Not the Usual Sort of Request

(With a tip of the hat to Monty Python's Pepperpots.) 

In a town in northern England, Ethel and Agatha, two middle-aged housewives in frumpy clothes, are talking as they wait for a bus. During their conversation, they are joined by Doris, another housewife in frumpy clothes. 

ETHEL: Hello, Agatha.

AGATHA: Hello, Ethel.

ETHEL: The bus is late this morning.

AGATHA: It's always late.

ETHEL: How have you been keeping?

AGATHA: You mean since we spoke to each other yesterday?

ETHEL: Oh, has it been that long?

AGATHA: Yes, it has.

ETHEL: Well, then, how have you been keeping since yesterday?

AGATHA: Oh, I can't complain. Actually, I could complain, but I won't. How have you been keeping?

ETHEL: Well, if you want to know, I had a slight problem with Archie last night.

AGATHA: Did you?

ETHEL: Yes, I did.

AGATHA: What kind of problem?

(Ethel leans close to Agatha.)

ETHEL: You're not going to believe this, Agatha, but I promise you that it's the absolute truth.
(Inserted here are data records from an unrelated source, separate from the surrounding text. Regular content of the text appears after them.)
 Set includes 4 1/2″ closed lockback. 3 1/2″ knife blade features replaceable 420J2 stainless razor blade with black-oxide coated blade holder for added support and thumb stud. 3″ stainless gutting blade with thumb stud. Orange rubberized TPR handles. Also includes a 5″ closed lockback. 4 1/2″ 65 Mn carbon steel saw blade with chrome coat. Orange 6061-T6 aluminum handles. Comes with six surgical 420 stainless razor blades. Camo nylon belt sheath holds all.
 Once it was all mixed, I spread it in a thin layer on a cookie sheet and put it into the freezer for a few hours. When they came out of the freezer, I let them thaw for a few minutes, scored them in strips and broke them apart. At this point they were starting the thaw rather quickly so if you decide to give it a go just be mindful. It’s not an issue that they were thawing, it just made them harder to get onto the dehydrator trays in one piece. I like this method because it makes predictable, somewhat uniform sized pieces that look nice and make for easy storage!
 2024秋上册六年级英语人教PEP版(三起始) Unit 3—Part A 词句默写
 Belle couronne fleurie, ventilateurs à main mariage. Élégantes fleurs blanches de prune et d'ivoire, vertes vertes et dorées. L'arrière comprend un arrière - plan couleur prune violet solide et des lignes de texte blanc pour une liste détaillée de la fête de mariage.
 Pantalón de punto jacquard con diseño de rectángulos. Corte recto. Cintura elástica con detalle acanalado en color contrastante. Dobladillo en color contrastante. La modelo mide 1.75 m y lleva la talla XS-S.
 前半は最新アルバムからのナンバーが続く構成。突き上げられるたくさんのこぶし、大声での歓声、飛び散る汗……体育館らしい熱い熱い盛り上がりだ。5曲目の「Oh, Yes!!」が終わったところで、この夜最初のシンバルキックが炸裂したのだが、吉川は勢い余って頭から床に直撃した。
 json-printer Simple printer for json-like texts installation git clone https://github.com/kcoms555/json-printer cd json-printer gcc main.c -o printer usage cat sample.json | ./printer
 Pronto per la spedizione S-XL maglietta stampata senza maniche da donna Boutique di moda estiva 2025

Last night, Archie asked me to wear his old raincoat, with nothing underneath, and then he wanted me to crawl on my hands and knees in a circle, and sing an aria from Rigoletto.

AGATHA: He didn't!

ETHEL: He did!

AGATHA: His old raincoat, with nothing underneath?

ETHEL: Yes!

AGATHA: He wanted you to crawl on your hands and knees, while singing an aria?

ETHEL: Yes!

AGATHA: Why on earth would he ask you to do that?

ETHEL: I don't know. Archie has always been such a quiet person. Well-mannered and no trouble at all. We've been married for twenty-seven years now, and he's never made any unreasonable requests. Never. Not until last night.

AGATHA: What did you do?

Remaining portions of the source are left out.